* Work instruction *
The copy you give must match the records exactly, except that it holds no images.

Data items:

· · · ·

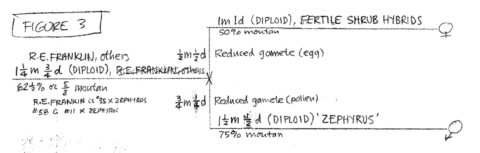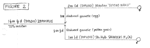 Leda seemed sterile both ways, Zephyrus appeared to be seed-sterile, but its pollen, though difficult to extract, turned out to be quite effective. (Under a microscope only 10% of the grains appeared plump/well formed, but that 10% is potent with other fertile shrub hybrids.) I reasoned that if Zephyrus was 75% moutan (it had quite good carriage although short stemmed), that my seedlings were 50% moutan and that if reduced gametes were the rule, crosses between the two would inherit half of 50% and half of 75%, thus resulting in 62.5% moutan genes, enough to provide moutan type carriage to the blossoms (see figure 3).
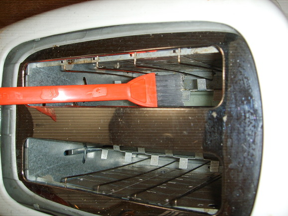 토스터를 뒤집어 빵가루를 떨어뜨린다. 얇은 붓으로 안쪽에 끼인 빵가루를 제거한다. 청소기에 흡입구가 좁은 노즐을 끼우고 접착테이프를 칭칭 감아 노즐에 빨대를 잇는다. ‘빨대 청소기’로 안쪽 나머지 빵가루를 빨아들인다. 받침대는 베이킹소다수를 분무한 뒤 물로 닦는다.
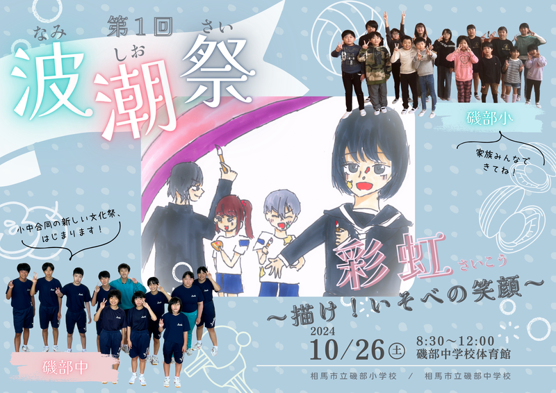 小学校の学習発表会、中学校の文化祭を1つにし、小中合同の行事とした初の試みである『第1回波潮祭』が開催されました。『彩虹(さいこう) ~描け!いそべの笑顔~』のテーマどおり、小学生、中学生、保護者の方々、地域の方々、先生たちの笑顔いっぱいのすばらしい文化祭となりました。
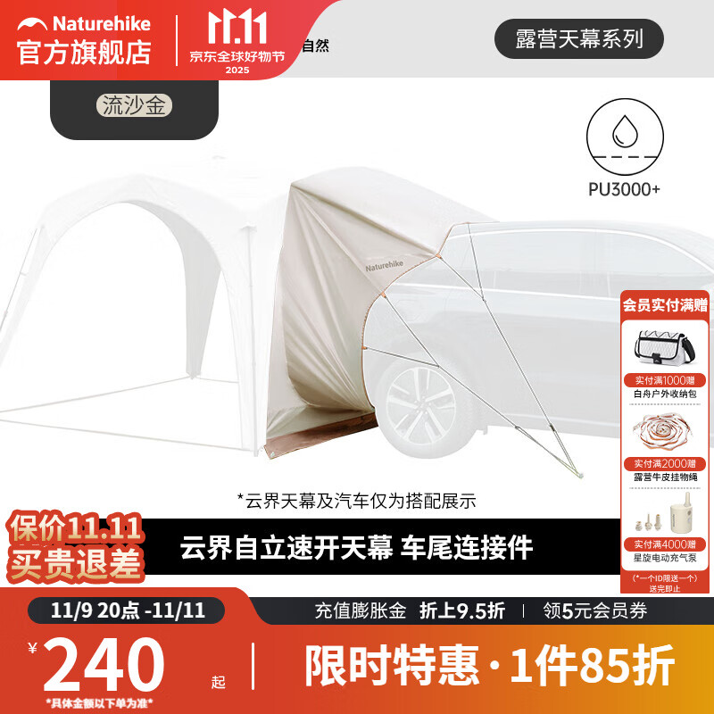 自駕游車尾延伸帳篷車邊帳篷 帶網(wǎng)紗延伸天幕前廳SUV帳篷車尾帳篷
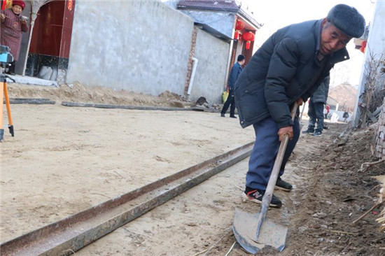 在宋河镇刘桥村,支部书记张殿魁正在带领村民平整路面。“我们村的主街道几年前就通了水泥路,但是部分小巷子因经费不足一直没有修通。”张殿魁说,年初镇党委组织召开全镇在外返乡人士优秀代表座谈会,得到了在外乡贤的积极支持,部分乡贤捐款,带动村内群众筹集费用,现在水泥路即将覆盖全村大街小巷。
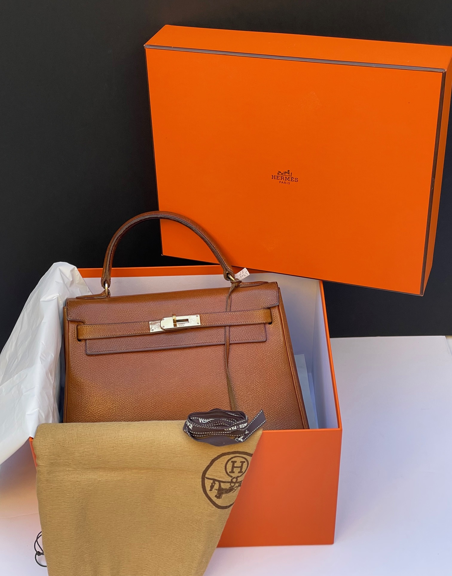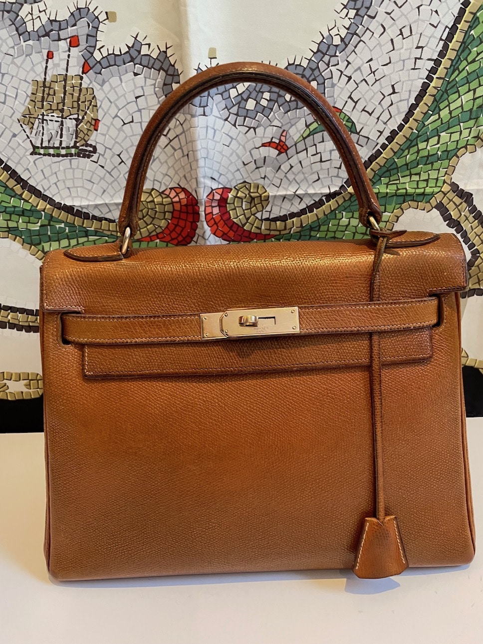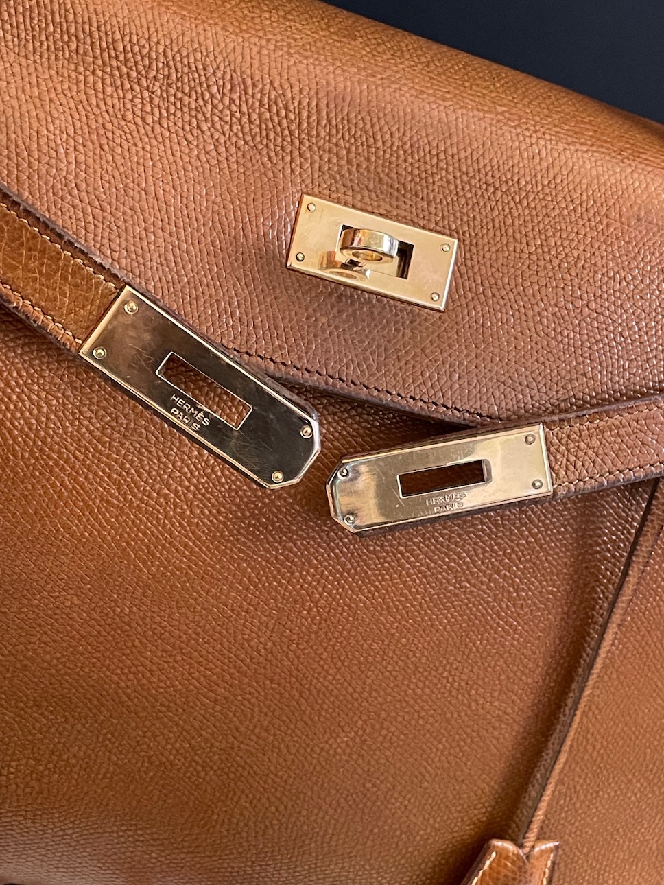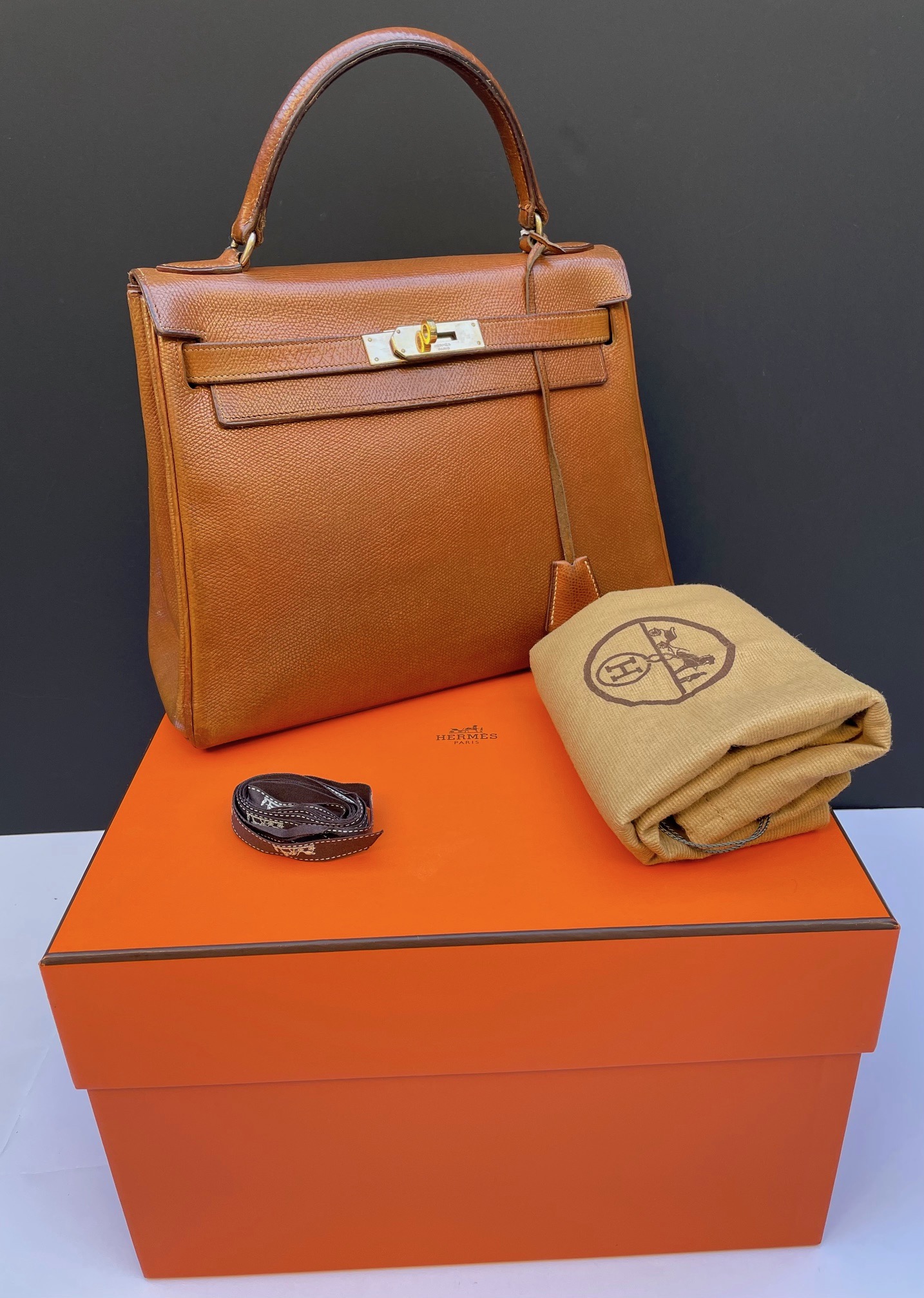 HERMÈS 1945 Iconic Vintage Kelly 28 Sellier Box Gold Courchevel Leather GHW

· · · ·

* The completed task *
 Leda seemed sterile both ways, Zephyrus appeared to be seed-sterile, but its pollen, though difficult to extract, turned out to be quite effective. (Under a microscope only 10% of the grains appeared plump/well formed, but that 10% is potent with other fertile shrub hybrids.) I reasoned that if Zephyrus was 75% moutan (it had quite good carriage although short stemmed), that my seedlings were 50% moutan and that if reduced gametes were the rule, crosses between the two would inherit half of 50% and half of 75%, thus resulting in 62.5% moutan genes, enough to provide moutan type carriage to the blossoms (see figure 3).
 토스터를 뒤집어 빵가루를 떨어뜨린다. 얇은 붓으로 안쪽에 끼인 빵가루를 제거한다. 청소기에 흡입구가 좁은 노즐을 끼우고 접착테이프를 칭칭 감아 노즐에 빨대를 잇는다. ‘빨대 청소기’로 안쪽 나머지 빵가루를 빨아들인다. 받침대는 베이킹소다수를 분무한 뒤 물로 닦는다.
 小学校の学習発表会、中学校の文化祭を1つにし、小中合同の行事とした初の試みである『第1回波潮祭』が開催されました。『彩虹(さいこう) ~描け!いそべの笑顔~』のテーマどおり、小学生、中学生、保護者の方々、地域の方々、先生たちの笑顔いっぱいのすばらしい文化祭となりました。
 自駕游車尾延伸帳篷車邊帳篷 帶網(wǎng)紗延伸天幕前廳SUV帳篷車尾帳篷
 在宋河镇刘桥村,支部书记张殿魁正在带领村民平整路面。“我们村的主街道几年前就通了水泥路,但是部分小巷子因经费不足一直没有修通。”张殿魁说,年初镇党委组织召开全镇在外返乡人士优秀代表座谈会,得到了在外乡贤的积极支持,部分乡贤捐款,带动村内群众筹集费用,现在水泥路即将覆盖全村大街小巷。
 HERMÈS 1945 Iconic Vintage Kelly 28 Sellier Box Gold Courchevel Leather GHW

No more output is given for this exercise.